Вера Петрук - Последний Исход
Арлинг так и не узнал, поверил ли Джаль-Баракат в случайную гибель Азатхана. На рассвете собирались в спешке, так как с юга неожиданно налетел самум. Караванщики не успели — буря накрыла лагерь непроницаемой пеленой, которая не спадала целых три дня. Невольно напрашивалась мысль о том, что это сам Нехебкай явился за телом умершего слуги, ведь Азатхан был серкетом, хоть и переметнувшимся к предателям. Но и когда песчаная пыль, наконец, улеглась, а бешеный рев ветра сменился на обычный тревожный свист, тронулись в пути не сразу. От невыносимого жара погибло семь нарзидов и трое керхов, еще двадцать человек не смогли встать, сраженные слабостью, которая преследовала караванщиков в Карах-Антаре. Пали все оставшиеся овцы и с десяток верблюдов.

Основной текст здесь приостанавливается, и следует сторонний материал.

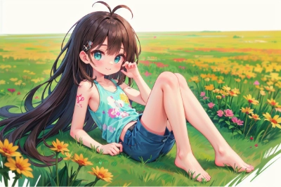 Bed,Pillow,Blanket,Sheets,Mattress,Nightstand,Lamp,Alarm clock,Dresser,Wardrobe,Closet,Mirror,Curtains,Rug,Hangers,Bookshelf,Chair,Television,Remote control,Wall art,Bedside table,Bedspread,Slippers,Window blinds,Laundry hamper,waking up, sleepy, Bedrooms, Half closed eyes, in room,Indoors, yawning, (Solo:1.3),adjusting clothes, on bed,6 years old, (loli:1.3), mini girl, baby face, toddler, 3 heads high, (pedo:1.3),short blond hair, messy hair, (fang:1.1), double tooth, flat chest, pink shirt, very short denim pants, off shoulder, hair band, antenna hair,oily skin, excessive detailed navel, pink eyes,full body, happy smile, highlight on eyes, (Best Quality, masutepiece:1.2),(hyperdetailed face:1.3), Highly detailed, intricate detailes, (Beautiful face:1.2), high detailing, Perfect face, (Ultra High Quality:1.2),(absurderes:1.2), hight resolution, perfect design, Perfect hands, smooth soft skin, Natural Skin,(superfine illustration:1.2),madeon, High contrast, watercolor paiting, <lora:saturation:1> <lora:make25d_type2_v100:1> ,
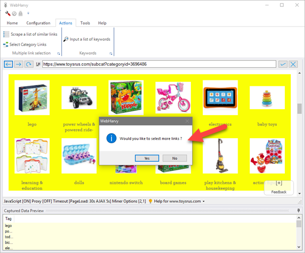 In case WebHarvy missed selecting any link, you may click 'Yes' and manually select more links one by one. Just click on a link to add it. When you are done selecting links, click any blank (white) space in the page and the following window will be displayed. Click OK.
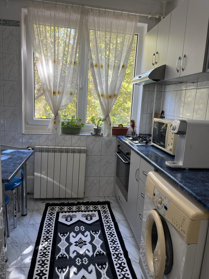 Apartamentul detine masina spalat vase si rufe, combina frigorifica noua, cuptor microunde, plita, cuptor, aer conditionat. Mobila sufragerie si birou, canapea extensibila, dormitor pat dublu 160-200m, birou, comoda Tv. Pentru vizionari dupa ora 18. Nu primim animale de companie.
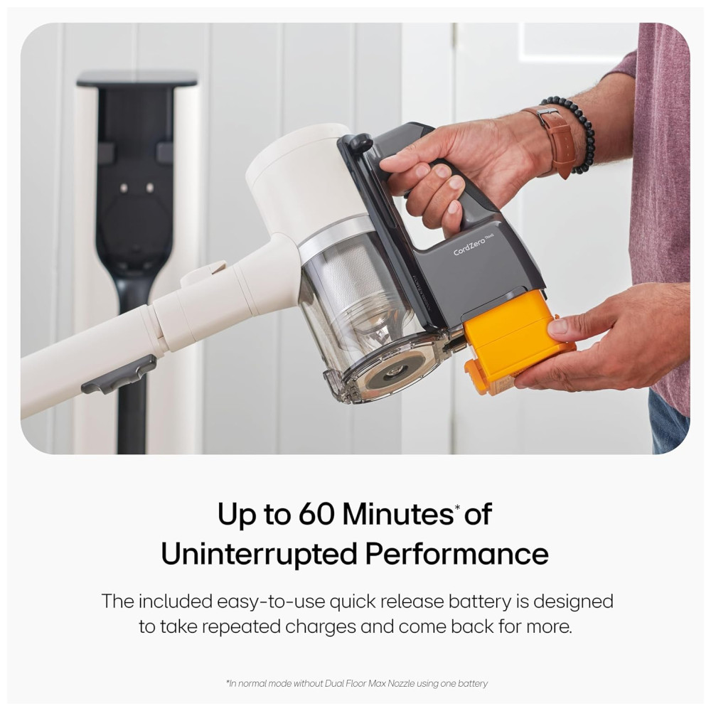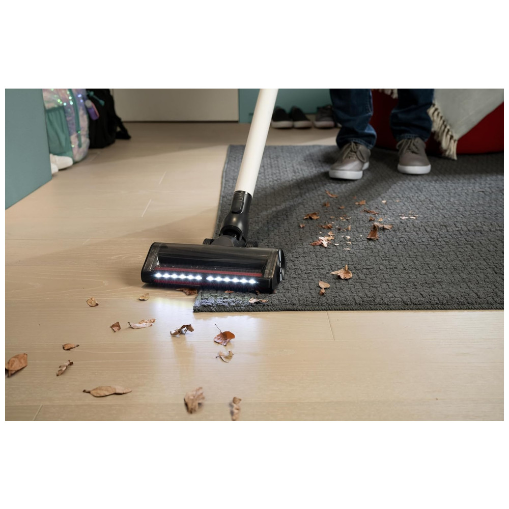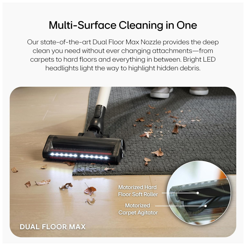 O novo bocal Dual Floor Max combina um rolo macio e um agitador para carpetes, proporcionando uma limpeza potente e fácil em carpetes e pisos duros. Oferece conveniência em diversas superfícies, acompanhado de um farol LED integrado para que sujeira, poeira e detritos não tenham onde se esconder.
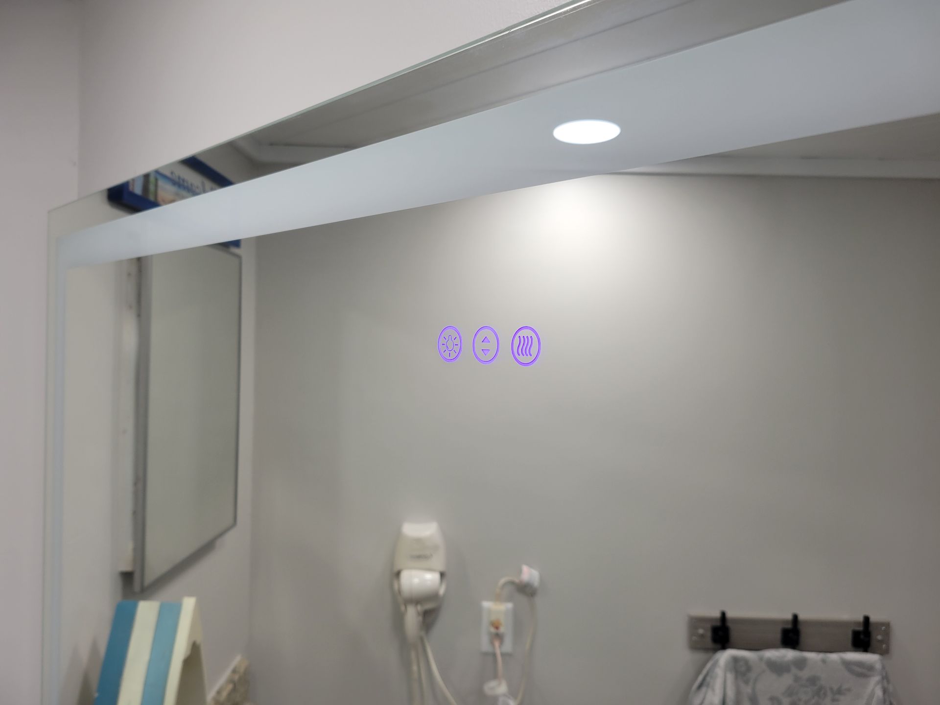 To power the mirror, use the switch (labeled LED mirror light) next to the main entry door.
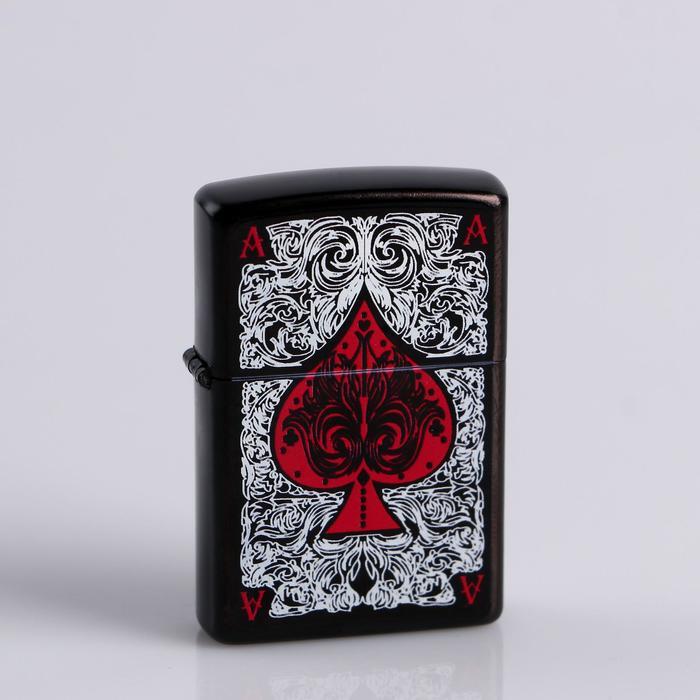 Зажигалка бензиновая "Козырная масть" с кремнием, 5.5х1.2х3.5 см
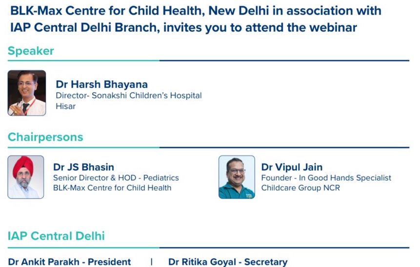 BLK Centre for Child Health in association with IAP Central Delhi Branch conducted its monthly edition of BLK TELE-PEDS Webinar on 12th MARCH 2026
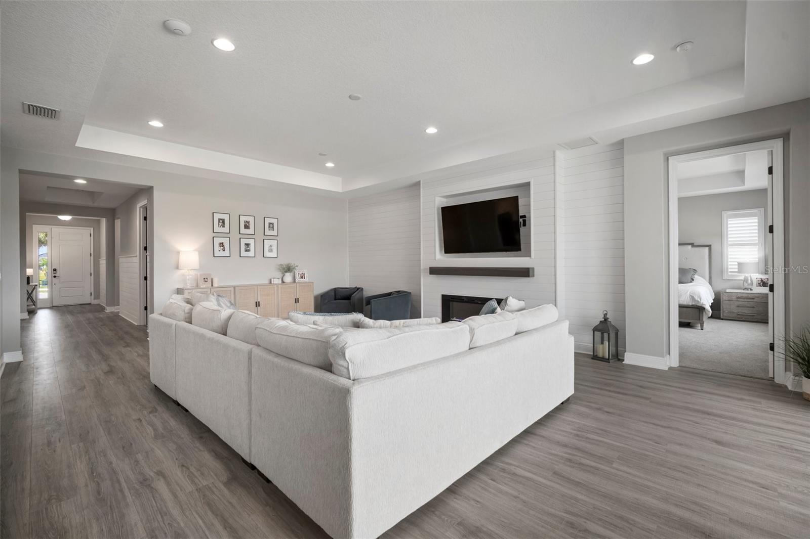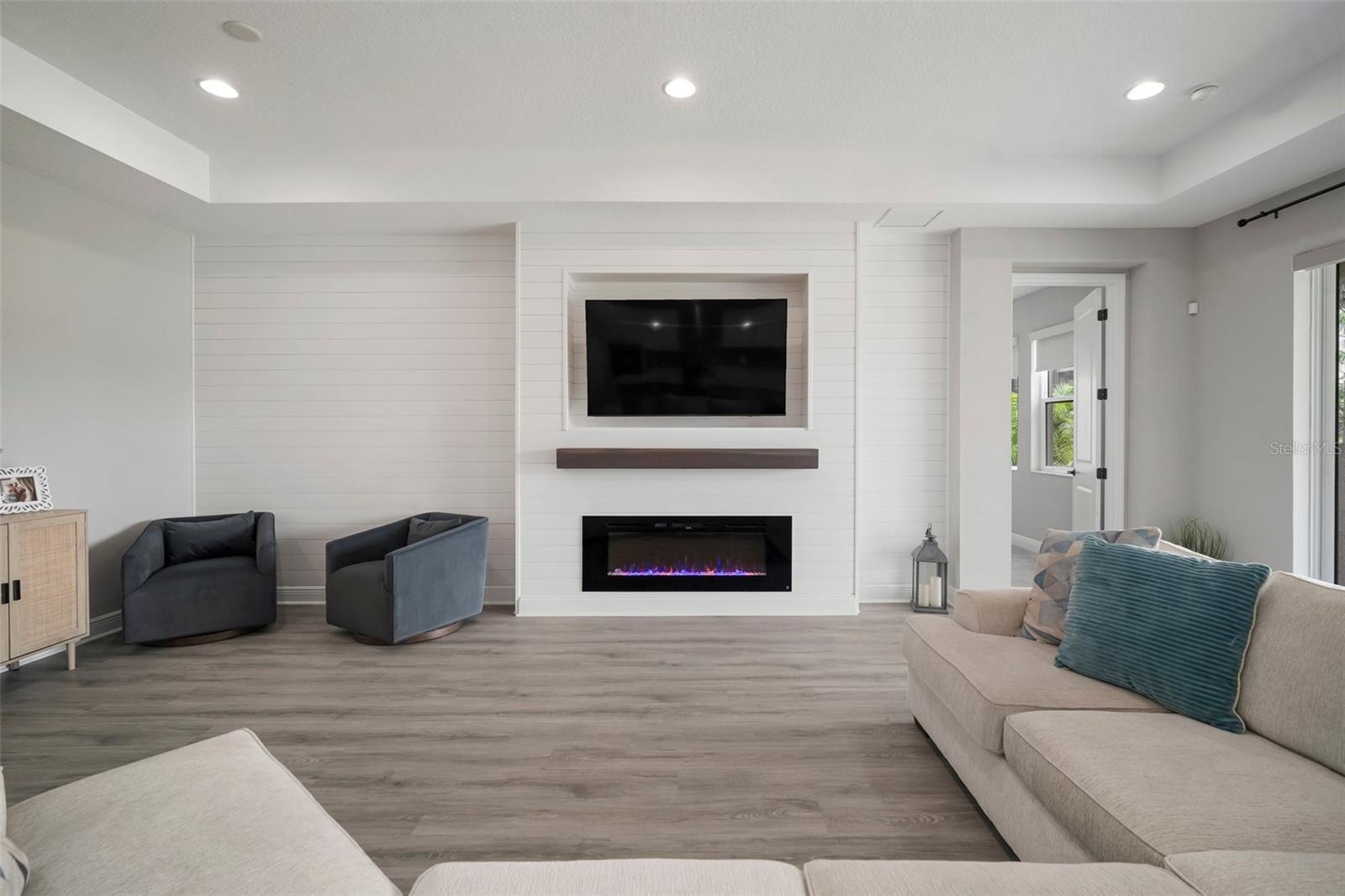 Presenting 923 Whimbrel Run…a stunning 4 bedroom 3 full bathroom masterpiece located in the heart of Bradenton’s beautiful Riverside Preserve community. Inside of this M/I Homes Ginnie model you will find a well-appointed gourmet kitchen that any chef would be proud to call their own. The massive kitchen island is a showstopper that’s perfect for gathering around. The desirable open concept floor plan ensures you stay central to the conversation while you entertain yet still provides spaces for privacy when desired. Two secondary bedrooms share a full bathroom with bathtub on one side of the home. Located on the other side of the home you will find another secondary bedroom featuring an en-suite full bathroom with a walk-in shower. The privacy this space offers makes it the perfect in-law suite or retreat for out-of-town guests who are visiting. The master bedroom, located at the back of the home, is private, spacious, and features brand new, neutral carpet. The master bathroom includes a large walk-in shower, and the master closet, equip with both his and her sides. This 2021 built home is truly one-of-a-kind and provides more upgrades than we can list, all of which enhance comfort, style, and peace-of-mind so that you can simply just enjoy living. Some of the many upgrades include: stunning light fixtures throughout, custom plantation shutters and roller shades, extensive decorative shiplap accent walls throughout the home, a gorgeous electric fire place with wood mantel, security system, 8ft doors throughout the home, quartz countertops, beautiful tile kitchen backsplash, tray ceilings, farmhouse kitchen sink, laundry room pre-plumbed for utility sink, upgraded and still under warranty LG washer and dryer, and new landscaping out front. This turn-key home awaits your arrival. 923 Whimbrel Run is certainly a stunning home, and it is matched by the lifestyle Riverside Preserve affords its residents. The gated neighborhood on the Manatee River, provides a kayak launch, BBQ grills, a covered pavilion with picnic tables and rocking chairs, and many quiet spots to stop, sit, and enjoy the beauty surrounding you. Schedule to fall in love with the gorgeous home today!

Если гибель Азатхана как-то выделялась среди этих смертей, то начальство лагеря этого не показало. Керхского шамана раздирали на части, требуя от него чудес, Джаль-Баракат ревел на подчиненных, словно вернувшийся самум, капитан Зорган сохранял странное спокойствие, но Арлинг подозревал, что поводок, на котором он держал панику, скоро порвется.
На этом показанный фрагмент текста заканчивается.